Auch schon gesehen...
shaboo
Stammgast
#9 erstellt: 18. Okt 2016, 23:50
Je aussagekräftiger und je besser gepflegt die Metadaten (Tags) sind, desto weniger spielt die Ordnerstruktur und Benennung der Dateien heutzutage überhaupt noch eine Rolle.

Deswegen sollte man sich vor dem Rippen auch sehr genau überlegen, welche Informationen in welchen Tags in welchem Format abgelegt werden sollen, damit man später beim Playback maximalen Komfort hat. Seine gesamte Sammlung später erneut zu taggen kann ähnlich nervig und zeitaufwendig sein wie den gesamten Kram noch einmal zu rippen.

Ein verlustfreies Format ist wichtig, damit man nur einmal in seinem Leben rippt; von Anfang an eine genaue Vorstellung von den Tags zu haben ist wichtig, damit man in seinem Leben auch nur ein einziges Mal taggt.
*Nightwolf*
Inventar
#10 erstellt: 19. Okt 2016, 06:20
Ich würde erstmal gucken, um wie viele CDs es geht. Bei einer größeren Menge (ich würde so ab 500 sagen) lohnt sich meiner Meinung nach DBPoweramp auf jeden Fall. Es bietet nicht nur die besseren Metadaten, im Vergleich zu EAC im genauen Modus ist es auch schneller, da erst genauer hingesehen wird, wenn der Vergleich mit der Accurate Rip Datenbank negativ ausfällt.
j!more
Inventar
#11 erstellt: 29. Okt 2016, 16:46
Ich würde bei 1500 CDs das Geld für dbpoweramp ausgeben - es ist komfortabel, schnell und kann wirklich alles, was man beim Rippen (und Konvertieren von Formaten) braucht.
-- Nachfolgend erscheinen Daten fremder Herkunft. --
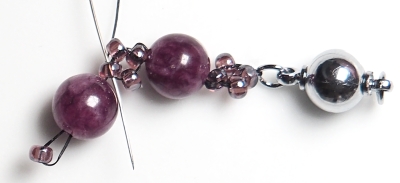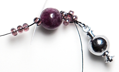 Ustřihněte korálkovací nit o délce cca 1 m, přivažte na ni zapínání a na dlouhý konec navlékněte tenkou korálkovací jehlu (velikost 12/0 nebo 13/0).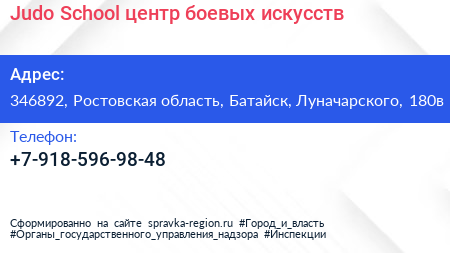 Judo School, центр боевых искусств по адресу 346892, Ростовская область, Батайск, Луначарского, 180в в дальнейшем Организация, размещена в следующих категориях: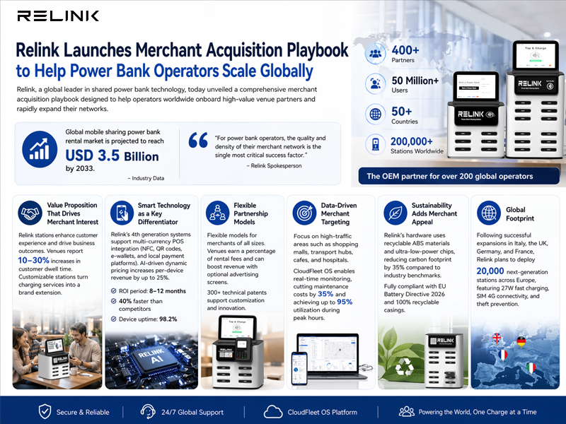 Relink, a global leader in shared power bank technology, today unveiled a comprehensive merchant acquisition playbook designed to help operators worldwide onboard high-value venue partners and rapidly expand their networks.

Als Zielformat zunächst flac, von da aus kann man ja alle anderen Formate generieren. Dazu MP3Tag oder Tag&Rename, für die komfortable Pflege der Tags. Da kann sich auch foobar nützlich machen oder - wenn es Kaufsoftware sein darf, jriver mediacenter. Bei der Größe der Musiksammlung rechnet sich die Ausgabe.
belphegore
Stammgast
#12 erstellt: 30. Okt 2016, 18:06
Ich rate dir auch zu EAC und FLAC und als zusätzlichen Tagger Tag & Rename

Wie es schon jemand anders sagte. Eine eindeutigen Ordnerstruktur, auch wenn getaggt, ist von Vorteil
Siehe auch Beitrag #8, hier:
http://www.hifi-forum.de/viewthread-258-3105.html
BlackVoodoo
Stammgast
#13 erstellt: 30. Okt 2016, 19:38
Danke für all die hilfreichen Tips!
shaboo
Stammgast
#14 erstellt: 30. Okt 2016, 20:26
Viel wichtiger als alles andere: Backups. Mindestens zwei.
j!more
Inventar
#15 erstellt: 02. Nov 2016, 15:22

shaboo (Beitrag #14) schrieb:
Viel wichtiger als alles andere: Backups. Mindestens zwei.


^3

Mit fast jedem Programm, das Tags pflegen kann, lässt sich eine beliebige Dateistruktur generieren - solange die entsprechenden Tags vorhanden sind. Deshlab würde ich mir wegen der Dateistruktur keinen Kopf machen, das erledigt die Software. Welche Struktur wofür am besten geeignet ist, lässt sich allgemein auch nicht sagen. Im Auto hat man da vielleicht andere Anforderungen als auf dem Smartphone. Wichtig sind in jedem Fall die Tags, aus denen sich alles andere ableiten lässt.
audioinside
Inventar
#16 erstellt: 27. Mrz 2017, 17:02

j!more (Beitrag #11) schrieb:
Ich würde bei 1500 CDs das Geld für dbpoweramp ausgeben - es ist komfortabel, schnell und kann wirklich alles, was man beim Rippen (und Konvertieren von Formaten) braucht. Als Zielformat zunächst flac, von da aus kann man ja alle anderen Formate generieren. Dazu MP3Tag oder Tag&Rename, für die komfortable Pflege der Tags. Da kann sich auch foobar nützlich machen oder - wenn es Kaufsoftware sein darf, jriver mediacenter. Bei der Größe der Musiksammlung rechnet sich die Ausgabe.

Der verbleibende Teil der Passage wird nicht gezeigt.